Fabrication of high aspect ratio (HAR) atomic force microscope (AFM) tips and nano-pillar arrays using pseudo-Bosch and wet etching

Abstract

This thesis is mainly focused on the research in the field of nanofabrication and application related to atomic force microscope (AFM) system. AFM tip is the most important part of AFM imaging to obtain the surface information by touching the substrate and “feeling” the force interaction. However, the scanned image using regular commercial tips is not accurate when scanning across areas with deep/tall and narrow structures. To overcome the drawbacks, high aspect ratio (HAR) tip was introduced to obtain high-quality and accurate images with high resolution and clear restoration.
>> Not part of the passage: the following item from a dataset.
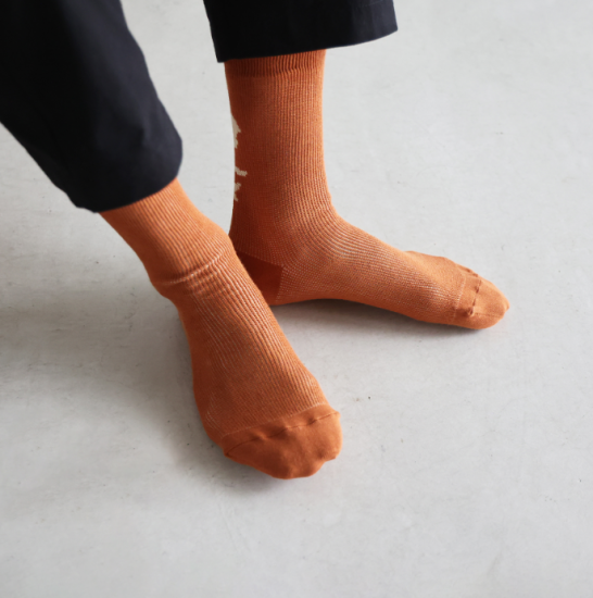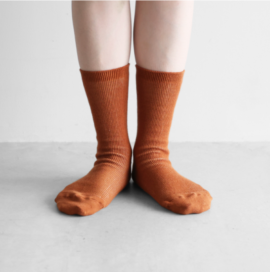 “日々の暮らしに馴染む、上質な日常着”をコンセプトに、世界的にも希少な旧式の「シャトル織機」で20〜30倍もの時間をかけて生み出す最高品質の「遠州織物」を使用したシンプルな衣服を展開しているHUIS.(ハウス)のオリジナルくつした。

Several common fabrication techniques of HAR AFM tip including focus ion beam milling, electron/ion beam induced deposition, carbon nanotube tips and Nauganeedle method are reviewed, but batch production is hard to achieved due to the tips are fabricated one by one in these methods. Here we present a novel method based on dry etching to fabricate HAR AFM tips with high throughput, and some important steps such as electron beam lithography and etching process during the fabrication will also be discussed in this work.

The long-term goal of dry etching for our purpose is to have high etching rate, high etching selectivity to mask material, and controllable vertical profile with smooth sidewall, so non-switching (i.e. introduce SF6 and C4F8 gas into the chamber simultaneously) pseudo-Bosch recipe was developed and optimized, to replace the standard Bosch process that gives wavy and rough sidewall. Moreover, when switching between SF6/C4F8 etching and O2 cleaning, that is, adding periodic oxygen (O2) plasma cleaning step to the pseudo-Bosch etching process, the etching rate of silicon structures can be significantly improved without any adverse effect. The obtained profile of pillars is slightly positively tapered which is optimal for HAR tips.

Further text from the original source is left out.